GIVEN ENTRIES:

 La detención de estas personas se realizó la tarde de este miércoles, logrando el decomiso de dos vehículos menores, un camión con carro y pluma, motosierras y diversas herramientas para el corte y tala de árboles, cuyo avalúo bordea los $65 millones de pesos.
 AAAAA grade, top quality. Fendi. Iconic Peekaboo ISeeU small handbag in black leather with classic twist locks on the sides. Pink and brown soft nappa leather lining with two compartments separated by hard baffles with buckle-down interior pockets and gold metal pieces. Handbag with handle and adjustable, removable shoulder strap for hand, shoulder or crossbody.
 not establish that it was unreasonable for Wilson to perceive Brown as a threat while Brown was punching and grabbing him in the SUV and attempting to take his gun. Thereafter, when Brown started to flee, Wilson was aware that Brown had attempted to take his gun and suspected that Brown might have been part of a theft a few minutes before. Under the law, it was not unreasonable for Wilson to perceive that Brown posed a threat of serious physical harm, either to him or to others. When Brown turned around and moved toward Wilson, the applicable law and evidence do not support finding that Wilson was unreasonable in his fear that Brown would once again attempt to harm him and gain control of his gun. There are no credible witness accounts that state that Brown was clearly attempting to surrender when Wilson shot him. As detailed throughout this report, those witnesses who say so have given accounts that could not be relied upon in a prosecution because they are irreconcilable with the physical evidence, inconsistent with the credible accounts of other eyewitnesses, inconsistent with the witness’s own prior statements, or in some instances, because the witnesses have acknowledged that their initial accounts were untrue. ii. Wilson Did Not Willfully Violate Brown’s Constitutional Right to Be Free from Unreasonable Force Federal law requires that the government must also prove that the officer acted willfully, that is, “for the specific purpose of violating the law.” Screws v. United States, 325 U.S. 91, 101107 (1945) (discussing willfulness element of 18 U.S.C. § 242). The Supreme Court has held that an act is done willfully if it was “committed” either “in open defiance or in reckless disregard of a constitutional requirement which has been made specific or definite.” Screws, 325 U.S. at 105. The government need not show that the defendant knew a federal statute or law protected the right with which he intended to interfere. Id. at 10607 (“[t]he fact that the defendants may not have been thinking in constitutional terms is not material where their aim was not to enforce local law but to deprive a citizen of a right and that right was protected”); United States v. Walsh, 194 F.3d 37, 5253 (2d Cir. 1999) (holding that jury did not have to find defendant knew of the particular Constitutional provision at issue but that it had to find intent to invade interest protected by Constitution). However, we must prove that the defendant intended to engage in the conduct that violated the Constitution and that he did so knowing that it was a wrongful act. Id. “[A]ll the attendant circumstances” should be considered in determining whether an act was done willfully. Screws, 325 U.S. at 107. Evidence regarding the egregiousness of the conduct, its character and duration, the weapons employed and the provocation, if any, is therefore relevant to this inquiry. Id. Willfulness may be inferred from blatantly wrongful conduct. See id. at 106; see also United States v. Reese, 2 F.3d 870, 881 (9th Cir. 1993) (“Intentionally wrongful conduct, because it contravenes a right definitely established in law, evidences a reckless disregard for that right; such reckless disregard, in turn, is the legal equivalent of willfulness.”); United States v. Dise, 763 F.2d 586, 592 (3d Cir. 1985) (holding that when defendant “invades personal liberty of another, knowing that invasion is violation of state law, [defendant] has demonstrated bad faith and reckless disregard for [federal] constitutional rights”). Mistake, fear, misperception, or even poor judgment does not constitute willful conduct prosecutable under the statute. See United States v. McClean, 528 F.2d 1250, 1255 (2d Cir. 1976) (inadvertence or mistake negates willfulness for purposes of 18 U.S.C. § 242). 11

---

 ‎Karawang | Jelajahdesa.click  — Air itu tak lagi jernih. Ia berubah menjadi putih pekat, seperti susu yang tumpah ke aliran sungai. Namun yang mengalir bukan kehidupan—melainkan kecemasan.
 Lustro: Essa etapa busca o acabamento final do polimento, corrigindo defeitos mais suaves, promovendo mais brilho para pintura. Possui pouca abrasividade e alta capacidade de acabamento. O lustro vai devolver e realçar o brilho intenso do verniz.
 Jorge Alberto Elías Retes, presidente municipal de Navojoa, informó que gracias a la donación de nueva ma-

EXERCISE PROMPT: Print exactly the lines above from the one with "Lustro: Essa etapa" to the one with "Jorge Alberto Elías", including both.

TASK SOLUTION:
 Lustro: Essa etapa busca o acabamento final do polimento, corrigindo defeitos mais suaves, promovendo mais brilho para pintura. Possui pouca abrasividade e alta capacidade de acabamento. O lustro vai devolver e realçar o brilho intenso do verniz.
 Jorge Alberto Elías Retes, presidente municipal de Navojoa, informó que gracias a la donación de nueva ma-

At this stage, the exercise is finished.